───── SUPPLIED INFORMATION ─────

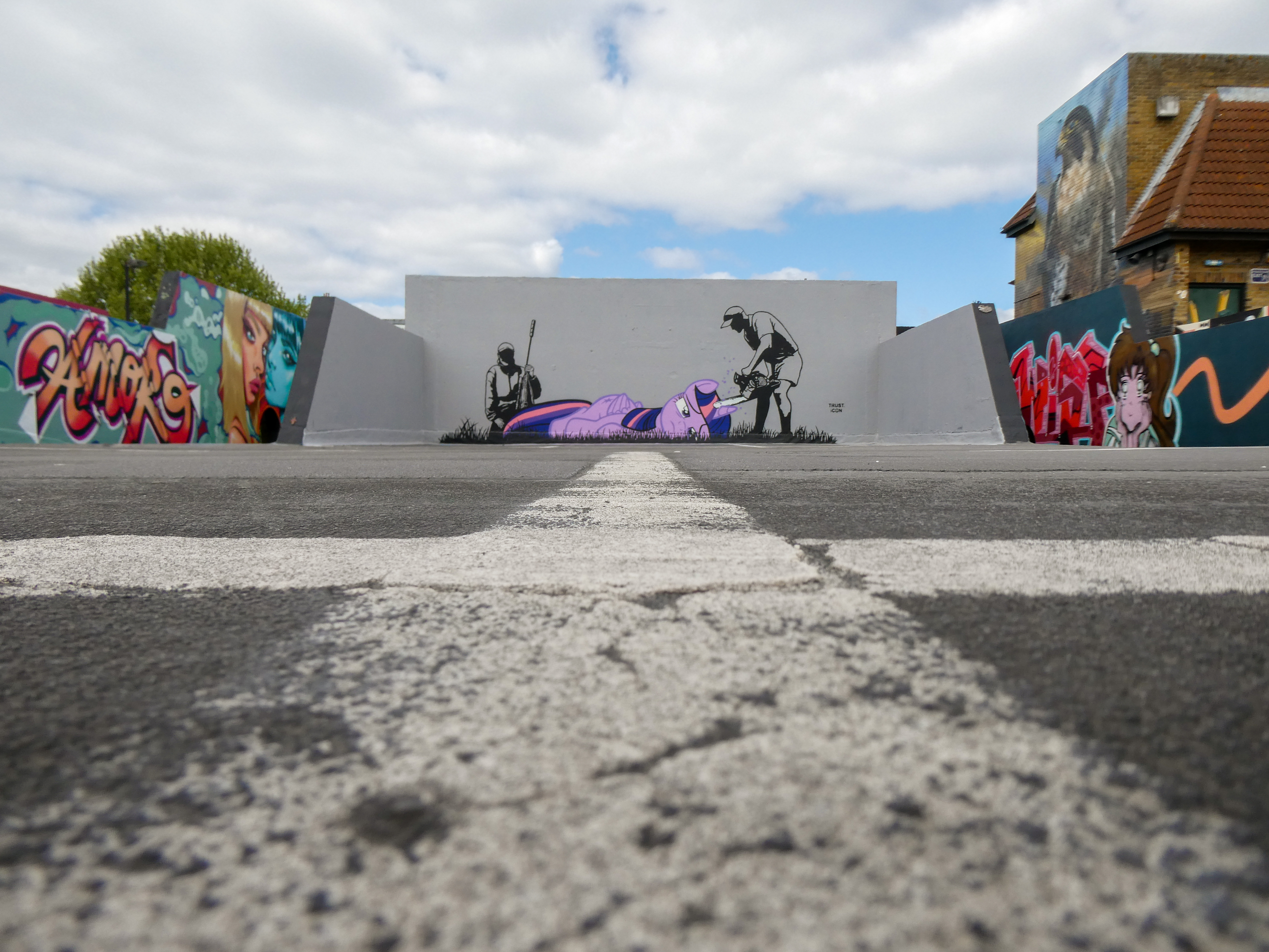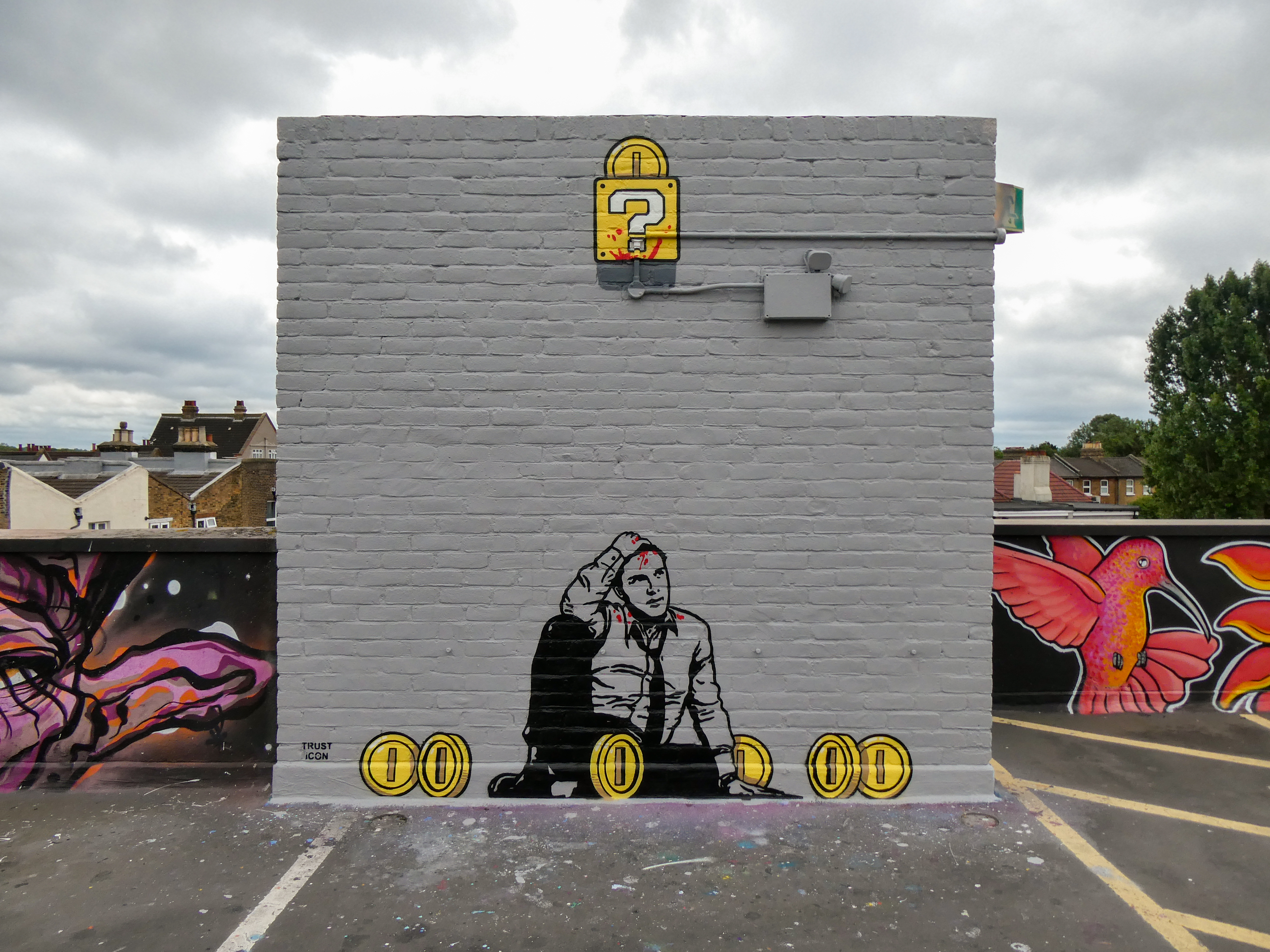 For our next blog post we are taking a look back at a trio of excellent additions to Penge over the summer by stencil artist TRUST.iCON for our community mural project SprayExhibition20. Through his artistic output TRUST.iCON sets to capture a moment or a snapshot from his, and many peoples childhood, combined with his own style of poignant insight or humour often based on subjects from popular culture injected into each design, making his style his very own and his works what they are. His latest additions to SE20 over the last year are no exception. TRUST.iCON has also continued to demonstrate his ability to come up with designs that suit quirky and unconventional spots absolutely perfectly. It had been a couple of years since we had seen any fresh artwork from this artist, and it is definitely safe to say he hasn’t lost his edge or knack. We are also exceptionally privileged to have been able to host Icon’s largest artwork to date at the Penge Rooftop Gallery. It is always a pleasure to see art from this artist and all the more so when it’s in our home town. These fantastic works below were put up around Penge with support from ourselves London Calling Blog.
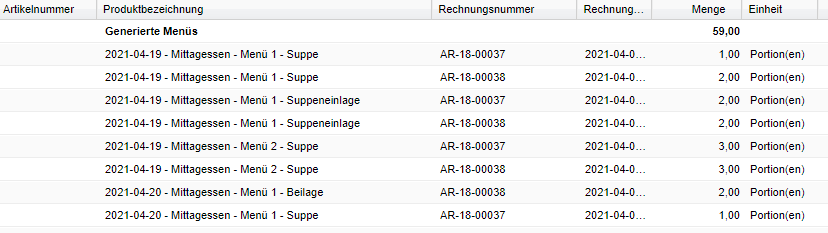 | Summe nach Produktgruppe | Summierung der Produkte nach Produktgruppen. Dargestellt werden diese fett geschrieben im Gruppenkopf. Produktgruppen sind z.B. Generierte Menüs (alle Produkte, welche über Wochenmenüpläne verkauft wurden), sowie die Produktklassen, der Produkte, welche über Verkaufslisten verkauft wurden. |
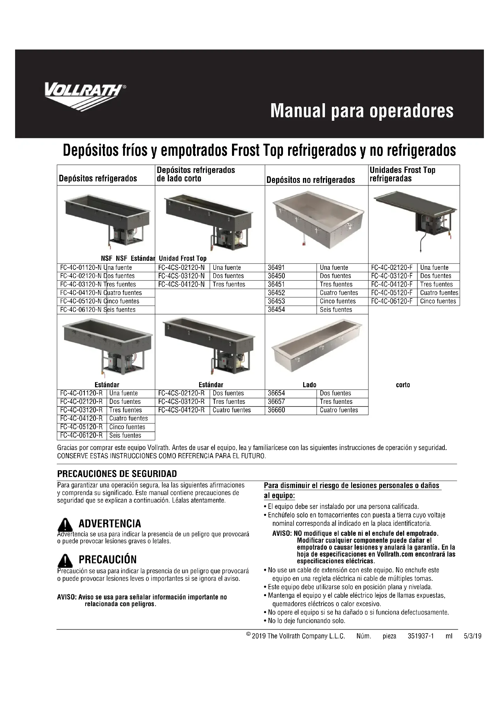Gracias por comprar este equipo Vollrath. Antes de usar el equipo, lea y familiarice con las siguientes instrucciones de operacion y seguridad. CONSERVE ESTAS INSTRUCCIONES COMO REFERENCIA PARA EL FUTURO.
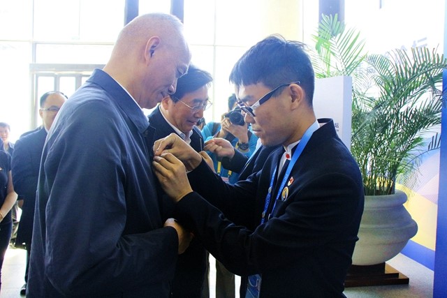 “一帶一路”志愿者的辛勤付出也受到校內(nèi)外各界的關(guān)注與關(guān)懷。5月13日上午,北京市委書記郭金龍,市長(zhǎng)蔡奇一行來到各志愿者崗位親切看望了志愿者,并表示志愿者們代表中國(guó)形象、北京形象、青年形象。在注冊(cè)中心,志愿者們向北京市領(lǐng)導(dǎo)演示論壇參會(huì)人員的注冊(cè)流程,我校于增雨同學(xué)代表志愿者為蔡奇市長(zhǎng)佩戴了志愿者徽標(biāo)。

─────

§ TASK TO CARRY OUT
Would you transcribe the listing above line by line, exactly, leaving every picture out?

§ TASK ANSWER
 For our next blog post we are taking a look back at a trio of excellent additions to Penge over the summer by stencil artist TRUST.iCON for our community mural project SprayExhibition20. Through his artistic output TRUST.iCON sets to capture a moment or a snapshot from his, and many peoples childhood, combined with his own style of poignant insight or humour often based on subjects from popular culture injected into each design, making his style his very own and his works what they are. His latest additions to SE20 over the last year are no exception. TRUST.iCON has also continued to demonstrate his ability to come up with designs that suit quirky and unconventional spots absolutely perfectly. It had been a couple of years since we had seen any fresh artwork from this artist, and it is definitely safe to say he hasn’t lost his edge or knack. We are also exceptionally privileged to have been able to host Icon’s largest artwork to date at the Penge Rooftop Gallery. It is always a pleasure to see art from this artist and all the more so when it’s in our home town. These fantastic works below were put up around Penge with support from ourselves London Calling Blog.
 | Summe nach Produktgruppe | Summierung der Produkte nach Produktgruppen. Dargestellt werden diese fett geschrieben im Gruppenkopf. Produktgruppen sind z.B. Generierte Menüs (alle Produkte, welche über Wochenmenüpläne verkauft wurden), sowie die Produktklassen, der Produkte, welche über Verkaufslisten verkauft wurden. |
Gracias por comprar este equipo Vollrath. Antes de usar el equipo, lea y familiarice con las siguientes instrucciones de operacion y seguridad. CONSERVE ESTAS INSTRUCCIONES COMO REFERENCIA PARA EL FUTURO.
 “一帶一路”志愿者的辛勤付出也受到校內(nèi)外各界的關(guān)注與關(guān)懷。5月13日上午,北京市委書記郭金龍,市長(zhǎng)蔡奇一行來到各志愿者崗位親切看望了志愿者,并表示志愿者們代表中國(guó)形象、北京形象、青年形象。在注冊(cè)中心,志愿者們向北京市領(lǐng)導(dǎo)演示論壇參會(huì)人員的注冊(cè)流程,我校于增雨同學(xué)代表志愿者為蔡奇市長(zhǎng)佩戴了志愿者徽標(biāo)。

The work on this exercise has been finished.